Write out, without any change, the lines in the material below that run from the line with "Шкіряна папка для" through the line with "Sarı pastel renkte, kolsuz", both included.

══ Input material

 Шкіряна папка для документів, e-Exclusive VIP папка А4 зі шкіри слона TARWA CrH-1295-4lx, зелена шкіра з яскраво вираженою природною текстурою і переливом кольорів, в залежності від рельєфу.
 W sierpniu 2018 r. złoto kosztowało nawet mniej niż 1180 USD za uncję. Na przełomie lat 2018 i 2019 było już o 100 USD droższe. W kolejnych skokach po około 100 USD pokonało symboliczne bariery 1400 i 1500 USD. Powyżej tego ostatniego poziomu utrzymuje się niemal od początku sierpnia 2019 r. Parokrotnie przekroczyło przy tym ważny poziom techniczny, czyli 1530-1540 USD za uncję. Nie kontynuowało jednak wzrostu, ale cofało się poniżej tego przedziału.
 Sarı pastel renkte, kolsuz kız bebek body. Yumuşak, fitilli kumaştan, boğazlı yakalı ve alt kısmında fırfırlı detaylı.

════
══ Input material

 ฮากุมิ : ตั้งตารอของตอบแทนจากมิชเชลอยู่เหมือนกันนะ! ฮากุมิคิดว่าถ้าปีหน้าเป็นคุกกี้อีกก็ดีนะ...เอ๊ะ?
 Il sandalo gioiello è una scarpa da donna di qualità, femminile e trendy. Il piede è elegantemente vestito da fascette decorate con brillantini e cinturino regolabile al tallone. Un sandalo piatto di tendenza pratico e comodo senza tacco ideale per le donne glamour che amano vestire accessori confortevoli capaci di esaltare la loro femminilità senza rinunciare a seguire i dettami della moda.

════

Finished task ::
 Шкіряна папка для документів, e-Exclusive VIP папка А4 зі шкіри слона TARWA CrH-1295-4lx, зелена шкіра з яскраво вираженою природною текстурою і переливом кольорів, в залежності від рельєфу.
 W sierpniu 2018 r. złoto kosztowało nawet mniej niż 1180 USD za uncję. Na przełomie lat 2018 i 2019 było już o 100 USD droższe. W kolejnych skokach po około 100 USD pokonało symboliczne bariery 1400 i 1500 USD. Powyżej tego ostatniego poziomu utrzymuje się niemal od początku sierpnia 2019 r. Parokrotnie przekroczyło przy tym ważny poziom techniczny, czyli 1530-1540 USD za uncję. Nie kontynuowało jednak wzrostu, ale cofało się poniżej tego przedziału.
 Sarı pastel renkte, kolsuz kız bebek body. Yumuşak, fitilli kumaştan, boğazlı yakalı ve alt kısmında fırfırlı detaylı.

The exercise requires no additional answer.